This Amendment shall become effective upon the execution and delivery of this Amendment by all parties hereto and satisfaction of the conditions set forth in Section 2 of Amendment No. 2 to the Pricing Side Letter, dated as of the date hereof (the Amendment Effective Date).
Section 3. Effect of Amendment. Except as expressly amended and modified by this Amendment, all provisions of the Master Repurchase Agreement shall remain in full force and effect and all such provisions shall apply equally to the terms and conditions set forth herein. This Amendment shall be effective as of the Amendment Effective Date upon the satisfaction of the conditions precedent set forth in this Section 2 and shall not be effective for any period prior to the Amendment Effective Date. After this Amendment becomes effective, all references in the Master Repurchase Agreement to this Master Repurchase Agreement, hereof, herein or words of similar effect referring to Master Repurchase Agreement shall be deemed to be references to the Master Repurchase Agreement, as amended by this Amendment. This Amendment shall not be deemed to expressly or impliedly waive, amend or supplement any provision of the Master Repurchase Agreement other than as set forth herein.
Section 4. Representations and Warranties. Seller, Trust Subsidiary and Guarantor hereby represent and warrant that the execution and effectiveness of this Amendment shall not materially affect it, in the performance of its obligations under the Program Agreement.
Section 5. Expenses. Seller, Trust Subsidiary and Guarantor hereby agree that in addition to any costs otherwise required to be paid pursuant to the Master Repurchase Agreement, Seller, Trust Subsidiary and Guarantor shall be responsible for the payments of the reasonable and documented legal fees and out-of-pocket expenses of legal counsel to Buyer incurred in connection with the consummation of this Amendment and all other documents executed or delivered in connection therewith.
Section 6. Representations; Ratifications Covenants:
(a) In order to induce Buyer to execute and deliver this Amendment, Seller, Trust Subsidiary and Guarantor each hereby represents and warrants to Buyer that as of the date hereof, Seller, Trust Subsidiary and Guarantor are in full compliance with all of the terms and conditions of the Program Agreement and no Default or Event of Default has occurred and is continuing under the Program Agreement.

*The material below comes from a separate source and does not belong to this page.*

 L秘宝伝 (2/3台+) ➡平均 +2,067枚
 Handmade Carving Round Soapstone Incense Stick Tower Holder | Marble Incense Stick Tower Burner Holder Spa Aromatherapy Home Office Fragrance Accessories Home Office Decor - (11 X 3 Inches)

(b) The parties hereto ratify all terms of the existing Master Repurchase Agreement other than those amended hereby, and ratify those provisions as amended hereby.
(c) The Trust Subsidiary is hereby authorized and directed to execute this Amendment.
Section 7. Entire Agreement. The Master Repurchase Agreement, as amended by this Amendment, constitutes the entire agreement among the parties hereto with respect to the subject matter hereof, and fully supersedes any prior or contemporaneous agreements relating to such subject matter.
Section 8. Successors and Assigns. This Amendment shall be binding upon the parties hereto and their respective successors and assigns.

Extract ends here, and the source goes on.